Saturday, 7th June, 2014

First National Proprietor Zeta Bennett in front of the defunct Club Legion, due to go up for commercial sale shortly. PICTURE: Nick Gibbs First National Proprietor Zeta Bennett in front of the defunct Club Legion, due to go up for commercial sale shortly. PICTURE: Nick Gibbs

By Nick Gibbs

After closing its doors for the final time three months ago, the Club Legion site is due to hit the commercial market in a matter of weeks.

An invitation to submit a marketing appraisal was offered to a number of local real estate agents before BH First National was appointed by administration firm PKF Lawler.

First National Proprietor Zeta Bennett said the property would be sold via a tender process, allowing interested parties the opportunity to conduct building inspections and market research prior to making an offer.

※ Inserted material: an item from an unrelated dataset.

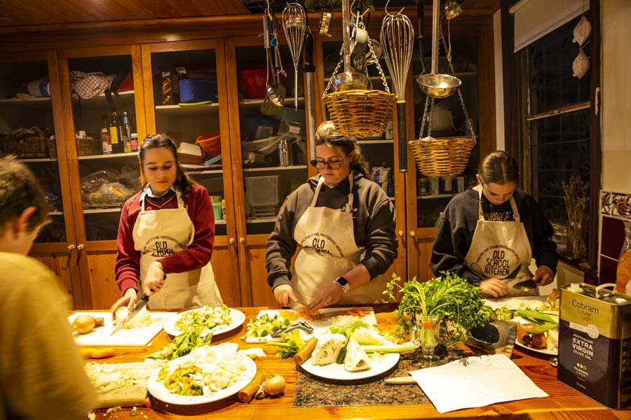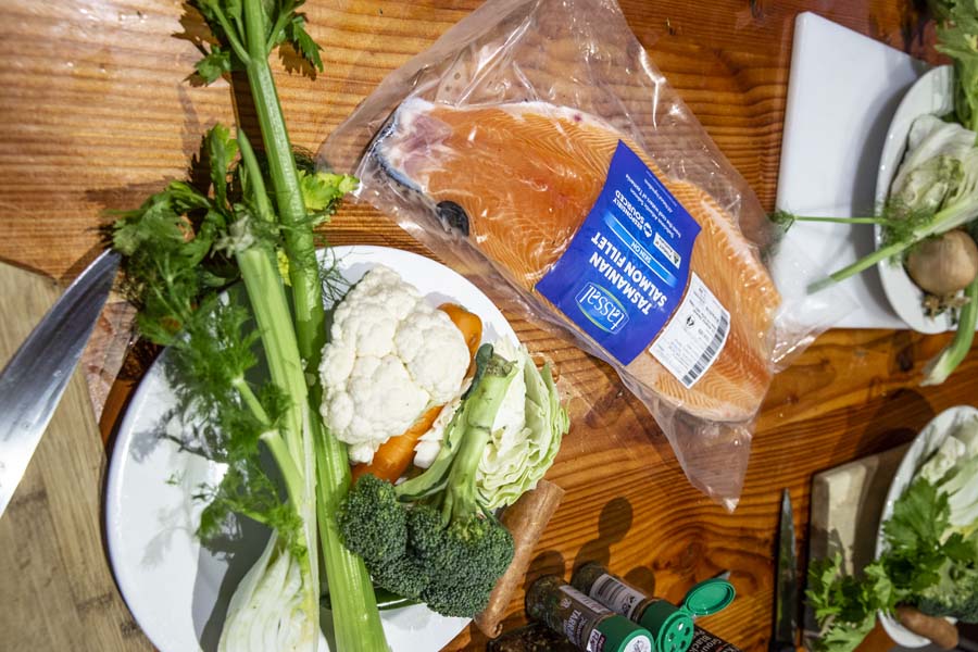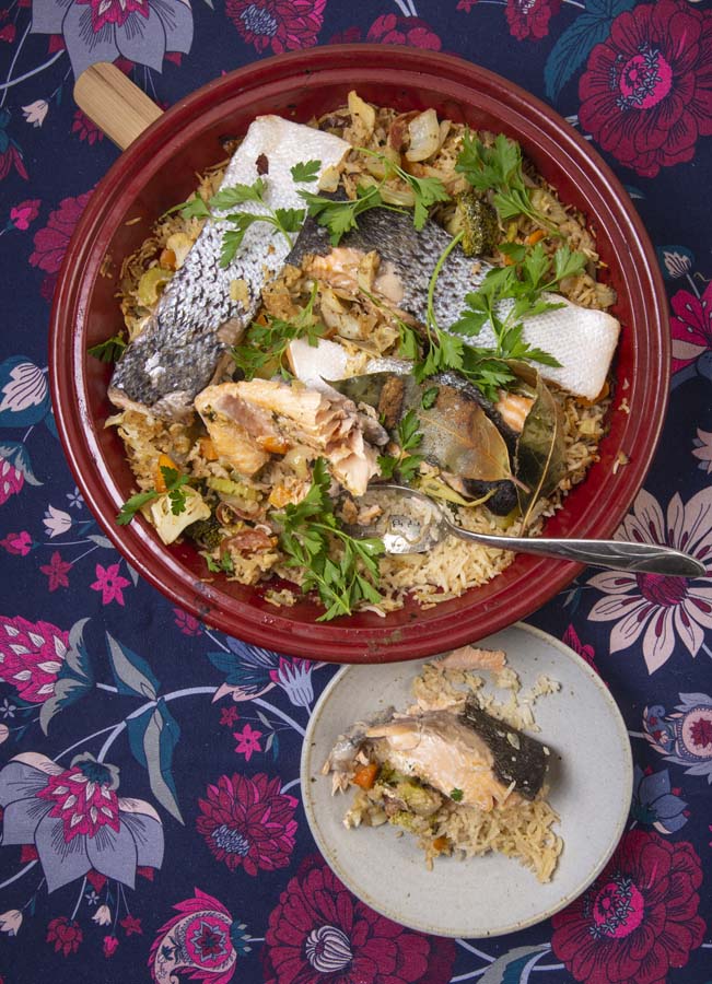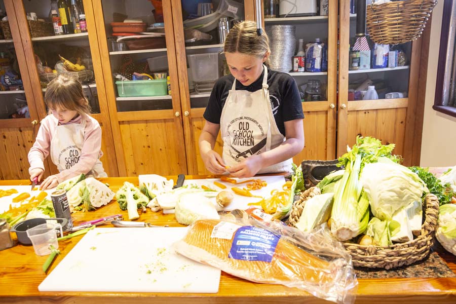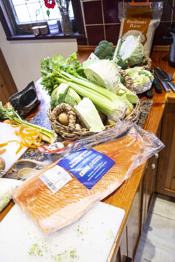 This week at our Old School kitchen Kids cooking class we made a delicious one tray Tassal salmon pilaf, the recipe is in ‘Celebrate’ cookbook, we tweaked it with extra veggies for a weeknight family meal. It really was delicious. I always recommend Salmon to anyone that may be a bit nervous cooking seafood. Salmon is a good choice it can be served medium all the way through to well done without hurting it too much. So, you can’t really muck it up. I did notice when I was in the Salmon Shop Salamanca, that they had a special on for frozen pieces for $15.50 a kilo (I think). The frozen pieces would be fine in this baked Pilaf. An economical seafood family meal if you are watching your budget. It made it into the kids thermoses today too. It is thermos season, my kids have had many people comment on their fancy lunches but heating leftovers and shoving it into a thermos is about as easy as it gets for a packed lunch!

Ms Bennett said current market conditions and the unique nature of the building made it difficult to predict how much attention it would generate, but was hopeful possible buyers would identify its value.

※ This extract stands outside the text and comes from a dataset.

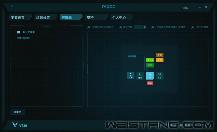 九尾妖狐凭借着魅惑的外形,苗条的身材,深受各位玩家的喜爱。九尾妖狐作为一个法师型的刺客,飘逸灵活、高技能的伤害,有控制是其最大的特点,她可以不断在团队边缘游走并且凭借自己短CD的技能持续输出伤害,瞬间爆发力也相当足。今天笔者将使用雷柏VT30电竞游戏鼠标强大的宏定义功能,分享一个更加飘逸的狐狸。 首先我们先看看九尾妖狐推荐的符文天赋加点: 主符文巫术系: 基石天赋:奥术彗星 提高阿狸的消耗能力,尤其是在3级后配合魅惑触发的奥数彗星和Q、W技能的伤害。 高级符文:终极技能帽 阿狸的大招往往可以一套带走敌人,如果R技能没好则往往伤害不足,点出终极技能帽可以让阿狸的单杀能力变得更强,更容易滚雪球。 基础符文:超然 阿狸的减CD装备很多,溢出的属性变成法强可以让她既满足了40%的满减CD,又能提高自身技能伤害溢出减CD不浪费。 基础符文:风暴聚集 提高阿狸的平A伤害以及法术强度。 副符文主宰系: 基础符文:眼球收集器 阿狸的单杀能力很强,点出眼球收集器可以快速享受到其属性的加成。 基础符文:无情猎手 点出无情猎手增加的额外移动速度可以让阿狸的跑图能力更强,支援队友能力更强。 玩法:熟悉了九尾妖狐的天赋和符文之后,我们再来看看他的玩法以及连招。 1.可以利用Q的加速效果,来回走位使得第二段真实伤害的Q命中别人,如果掌握熟练,你不妨用极限距离的Q这样对方只要被命中就只能吃两段伤害; 2.Q人的时候可以接平A,然后向后退; 3.出其不意REQW点燃一套带走; 4.前期阿狸十分缺蓝不要脸滚键盘放技能,最好只用Q消耗对方; 5.连招的最大伤害:点燃+RWAAERAQR 熟悉九尾妖狐的基本玩法之后,下面就为大家讲解如何通过雷柏VT30一键玩转阿狸。相信许多的玩家有时候会因为手速不够快而没法完成复杂的连招,例如EQ等,我们可以通过宏定义的设置,将完美解决您的手速问题,让你一键就能发出阿狸的连招,让你在游戏中快人一步,离胜利更进一步。 步骤一:我们以"EQ"为例,设置一个宏命令,在弹出的页面中“新建宏”,并将"新建宏"重命名为"阿狸EQ连招"。 步骤二:阿狸基本连招--"EQ",这一系列动作命令设置为一个宏命令。点击界面右侧的"开始录制",点击"停止录制"。即完成了一组宏命令设置。 步骤三:设置好阿狸EQ连招之后,回到主要设置界面,以前进键为例,点击VT30鼠标页面的前进按钮,选择刚才设置好的"阿狸EQ连招"命令,点击"确定"后,即可使用。 步骤四:设置完成后,就可以开启你的"狐狸"之旅,一键发出EQ连招让你在游戏里用刺客的持续高伤害将敌人打的土崩瓦解。 领军国产外设品牌,实力大厂上市企业——Rapoo雷柏发布的VT30幻彩RGB游戏鼠标,拥有1680万色三区域RGB灯光系统,搭载P3327的专业传感器,可在200-6200DPI中以100DPI为单位逐级微调,3000万次的清脆手感微动开关,性能和手感得到极大提升;9个可编程按键,狙击专属火力按键。板载内存、编织线材、镀金USB接口、特氟龙材质脚垫,优秀的工业设计与表面材质保证了长时间游戏的舒适度。仅售149元,相信它一定会成为你首选的游戏利器,给你畅快的游戏操作体验。 |

“Look I hope so, it’s hard to say,” she said, listing a commercial function centre or office space as lending themselves to the lay out.

“I don’t think it will be another club.”

First National will begin marketing the property following an asset clearing auction expected shortly.

The real estate agent has featured a number of commercial and industrial properties locally, with the sale of the Palace Hotel around two years ago showing the most parallels with the Legion project.

The total land spans over 3700 square metres including the beer garden and car park, and comprises features such as a full commercial kitchen, auditorium, bar and bistro as well as multiple bathroom facilities.

Ms Bennett said the administrator would have final say on whether to accept or decline any offers received, but felt stakeholders would want the sale to take place as quickly and efficiently as possible.

“It has to be sold, let’s face it,” she said.

It is not believed the building is subject to heritage restrictions

“I don’t think that will factor,” Ms Bennett said.

“Of course, any future use will be subject to council approval,” she said.

She said the sale of the Broken Hill icon was unfortunate, but it was not possible to keep running an unviable commercial venture.

“It’s a sign of the times,” she said.

Club Legion first opened in the city in 1947, catering for returned servicemen and women.